それに百貨店でのポップアップ出店だと、コーヒーを飲みに来てくれるのは百貨店のお客様です。すなわち、僕たちのコーヒーのファンを集客するビジネスモデルではないわけです。百貨店が集客をしていて、その中から偶然僕たちを見つけてくれた人が飲んでくれているわけなんです。ある程度ビジネスが軌道に乗り始めたら、自立すべきだと思ったのも実店舗をつくる大きな要因になりました。

ーコロナがきっかけで、逆に気づいた部分があったということですね。

そうですね。コロナで予想していた売上が飛んでしまい、何か手を打たないとダメだという状況に追い込まれた分、逆に自分たちで店舗をつくる状況になったのかもしれません。毎月の固定費がかかってでも、アカイノロシという名前で集客するために進むべき道だとクリアになったのはありますね。

ー店舗をオープンされてから順調に進んでいますか?

はい、目標とする数字を達成している状況ではあります。僕たちのお店、Laughterは住宅街にあるので、どちらかというと焙煎作業をおこなう工場のようなイメージでした。お客様が希望すれば店内でコーヒーを飲めるスタイルのように考えていましたが、オープン後は店内で飲んでくださる方が想像以上に多くいらっしゃいました。地域の方が年齢関係なくコーヒーを飲みに来て、Laughterというお店で過ごす時間に価値を感じてくれている点はうれしい誤算でしたね。

ーLaughterに来店する方を増やすというのは、いわゆるファンづくりのような一面だと思いますが、想像以上に店内で過ごす方々が多いというのは、きっとうまくいってるのだと感じました。

うまくいってるかどうかは今後の数字が示してくれると思いますが、でもずっと意識していることではあります。美味しいコーヒーを提供することはもちろん大事です。でも僕たちのお店の他にも、すでに美味しいコーヒーを提供してくれる店舗はたくさんあります。美味しいコーヒーを飲めるという土台の上に、なぜLaughterを選ぶのかという観点で考えなくてはいけません。それでいうと、一つは農園からのストーリーの温かさ、また西陣という土地や髭のおじさんのロゴマークから醸し出している温かみは意識していますね。

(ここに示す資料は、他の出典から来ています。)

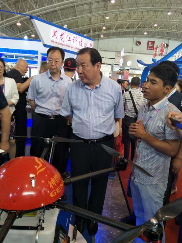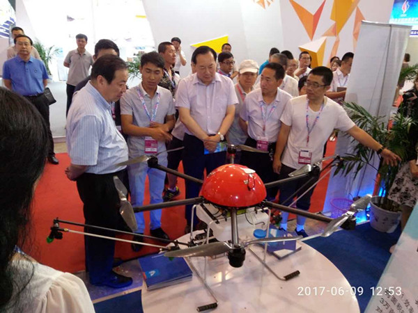 自治區(qū)副主席白向群蒞臨展會,參觀公司參展的植保無人飛機。
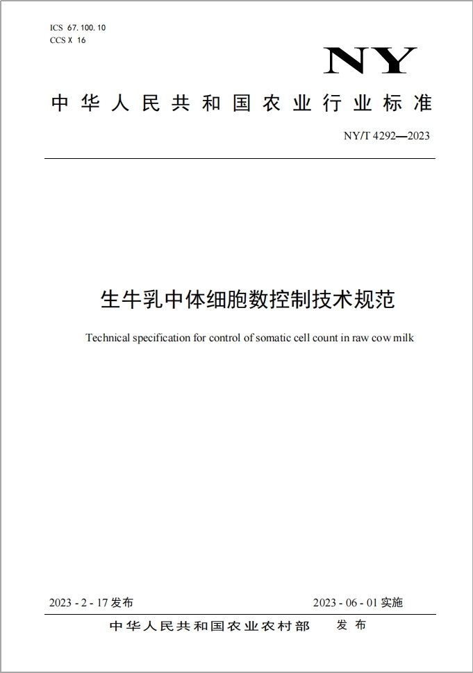 近日,由食品学院杨永新教授等作为主要完成人承担的国家农业行业标准《生牛乳中体细胞数控制技术规范》(NY/T 4292—2023)正式发布,2023年6月1日起实施。

それに、相方の矢野と「コーヒー屋さんと呼ばれないコーヒー屋を目指そう」といつも言っているんです。

ー「コーヒー屋さんと呼ばれないコーヒー屋」。おもしろいですね。

提供する手段の一つがコーヒーであって、そこから広がる世界観を伝えられるお店にしたいと意識してます。最近では、今ある既存のお花屋さんにコーヒースタンドスペースを設置する形で、「Laughter×CHIKIRIYA GARDEN」をオープンしました。今は特に、世界観を広げる場所や仲間を増やす感覚でお店づくりに関わっています。世界観を大事にしていて、でもやっぱりコーヒーが美味しいよねと言ってもらえる形が理想ですね。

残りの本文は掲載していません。